Other Picks to Watch
MLK/FBI. A co-centerpiece of the festival, this is a documentary that presents J. Edgar Hoover’s relentless surveillance campaign of harassment against civil rights leader Martin Luther King Jr., an early appearance of “fake news.”
Weed & Wine. This is the Hawai‘i premiere of a documentary that features two families with different crops and approaches: a French family caring for their historic vineyard and a California family overseeing a legal organic cannabis farm.
As part of the annual HIFF tradition, the festival is hosting panel conversations with industry luminaries and will recognize outstanding artists for their commitment to excellence in their field at the HIFF Awards Gala presented by Halekūlani. This year’s artists include Keala Settle, Jason Scott Lee and Ann Hui, who will be honored in a virtual awards gala on Sunday, Nov. 29 at noon.
Hong Kong auteur Ann Hui is this year’s recipient of the Halekūlani Golden Maile for Career Achievement. “It is astounding and problematic that it took film festivals like HIFF and Venice so many years to recognize the mastery of Ann Hui, compared to her male colleagues,” says HIFF artistic director Anderson Le. Three of Huiʻs films are in this yearʻs lineup. “Films like Boat People, Song of the Exile and A Simple Life clearly present a clear humanistic vision of a constantly transforming Hong Kong that Ann Hui has successfully captured in her many decades of chronicling such stories that are also a reflection of her very own upbringing as a Hong Konger who also inhabits multiple worlds.”

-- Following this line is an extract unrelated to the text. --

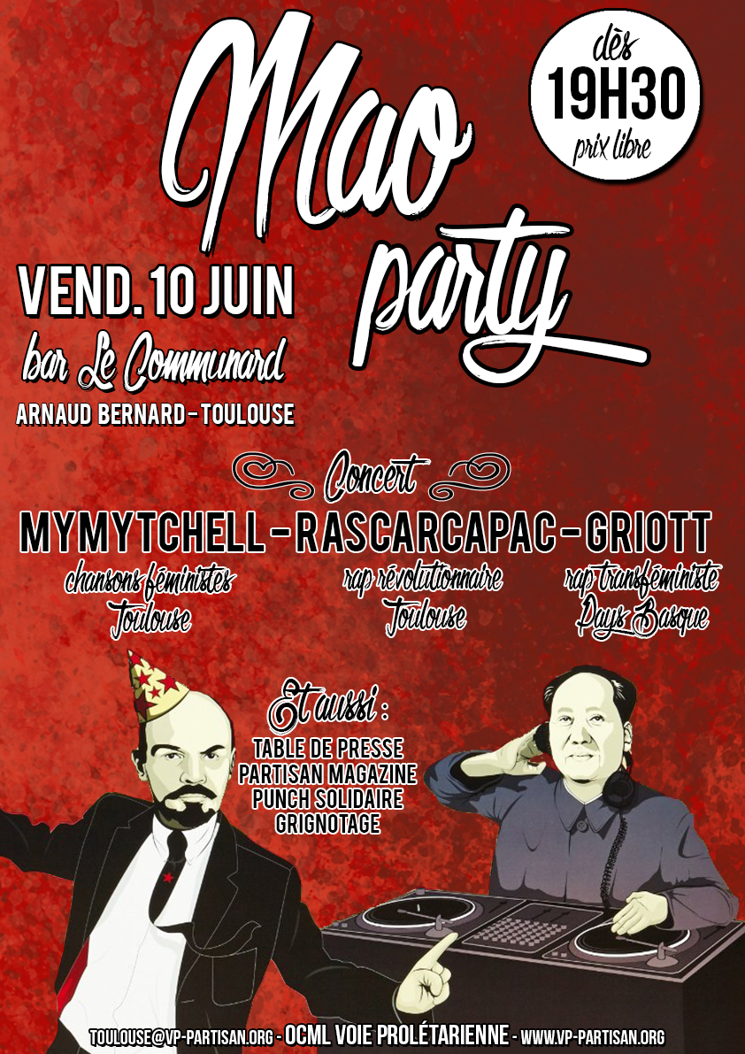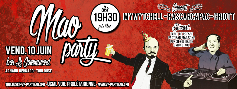Soirée-concert Mao Party vendredi 10 juin à Toulouse au bar Le Communard (place Arnaud Bernard) dès 19H30 (début des concerts à 21h).

The HIFF Pacific Islanders in Communications Trailblazer Award this year goes to actress Keala Settle. She gained fame in the musical drama The Greatest Showman in 2017 after various roles in multiple companies. The song “This Is Me” from the film won the 2018 Golden Globe Award for Best Original Song. Since then, she toured in Hairspray and appears next in All My Life, directed by Marc Meyers. Born in Hawai‘i, the actress/singer is a graduate of Kahuku High School.
Jason Scott Lee is being honored with the HIFF Legacy Award. While he’s perhaps best known for playing Bruce Lee in Dragon: The Bruce Lee Story, Mowgli in 1994’s The Jungle Book and starring in Rapa Nui, he is a longtime HIFF supporter and advocate. Bonus trivia item: Lee’s mother was a HIFF volunteer for many years.

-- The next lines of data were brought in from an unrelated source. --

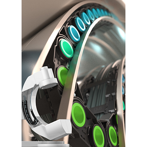 Egal ob Hightech- oder Lowtech-Einsätze: igus erforscht stetig neue Energiekettenlösungen, um den besonderen Ansprüchen industrieller Anwendungen nach Flexibilität, Sicherheit und geringen Kosten nachzukommen. Daher hat der motion plastics Spezialist mit der lokchain jetzt ein neues Konzept bestehend aus e-kette mit automatisch ausfahrbaren Verriegelungsbolzen und kompakter Führungsrinne für dynamische Energieketteneinsätze entwickelt. Die jederzeit abgesicherte Führung der Energiekette in der Rinne erlaubt einen hängenden, stehenden oder auf der Seite liegenden Einsatz des Systems mit und ohne Querbeschleunigungen. Selbst lange Verfahrwege mit bewegtem Untertrum sind durch die Fixierung der lokchain in der Obertrumrinne möglich. Auch über Kopf oder in vertikalen Kreisanwendungen kann das System installiert werden. So bietet sich der Einsatz der lokchain beispielsweise in dem kompakten Raum eines C-Bogen-Röntgengeräts an. Die Flexibilität der e-kette bietet dem Anwender die Möglichkeit zur Entwicklung völlig neuer Maschinenkonzepte.
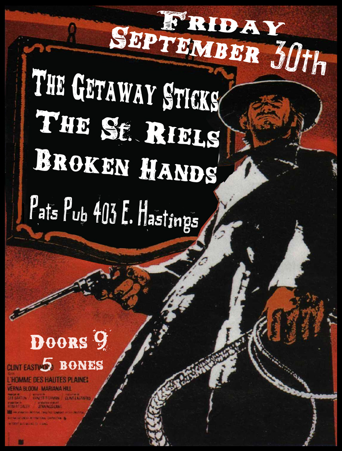 the Getaway Sticks, The Saint Riels, The Broken Hands @ Pat's Pub Sep 30 2011 - Feb 8th @ Pat's Pub
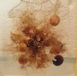 Voor de achtergrond zoek ik naar mogelijkheden. Jill Kertulla beschrijft hoe zij de achtergrond bewerkt door met laagjes op elkaar te stikken en dan door te knippen/snijden. Dit past wel bij de bloembladeren en dit ga ik dus toepassen voor de rechterzijkant . Een laag groene stof, repen koperen stof met glimmer, een aantal stroken lutradur en groene organza, en dan door de lagen snijden. Dit plaats ik naast de bloem. De bloem komt er nog een klein stukje overheen.

You can watch any online film at any time, unless specified. The festival dates are Nov. 5–29. Most content is available during that time; you can also refer to the online schedule page to get dates and access restrictions. If you purchase a single ticket to a particular film, you have 72 hours from the time you first hit play. Certain films do not follow this rule as they are only available during certain hours. Online screens start at $8 each, in-person shows at $14. Passes, which start at $80, offer the best bang for your film buck. The in-person screenings maintain social distancing so only up to 30% of the theater is sold and face coverings are required throughout the films. All tickets are sold in advance, not at theaters.